Many researchers have been directing efforts to obtain models that explain how molecules can be modified to achieve higher H₃R affinity, antagonistic activity and selectivity over other targets. Among the several reports in literature presenting compounds which were designed and evaluated through SAR analysis, mainly piperidine, benzofuran, piperidinylurea and imidazole series were deeply studied through QSAR approaches. The data from these reports suggest that the steric and hydrophobic factors play the most important role in the H₃R activity. Important features regarding the interaction with H₃R have been described, but it must be adequately explored to improve both the affinity and the selectivity.
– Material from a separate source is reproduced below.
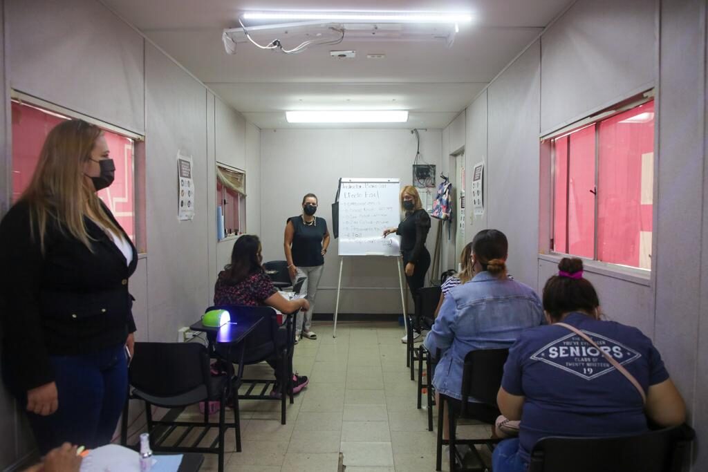 Las clases las brinda una instructora de los talleres productivos del Instituto Municipal de la Mujer de Guadalupe, son validados por el Instituto Capacitador de la Cámara Mexicana de la Industria de la Construcción (ICIC), organismo empresarial que además apoyó al municipio con el aula móvil.

However, considering the wide range of compounds reported, it is noted that the number of QSAR studies in the literature is still scarce. In addition, with some exceptions, such models focus only on the pharmacodynamic aspect of the biological activity. Considering that the H₃R is mainly found on CNS, pharmacokinetic and toxicological aspects such as BBB penetration, metabolic stability, distribution coefficients and promiscuity should be used as dependent variable in QSAR studies. Pharmacokinetics is among the main bottlenecks to reach clinical trials, and it must be predicted in the earlier stages of drug discovery process to maximize the chances to reach the patient bedside.

Consent for Publication

Not applicable.

Conflict of Interest

The authors declare no conflict of interest, financial or otherwise.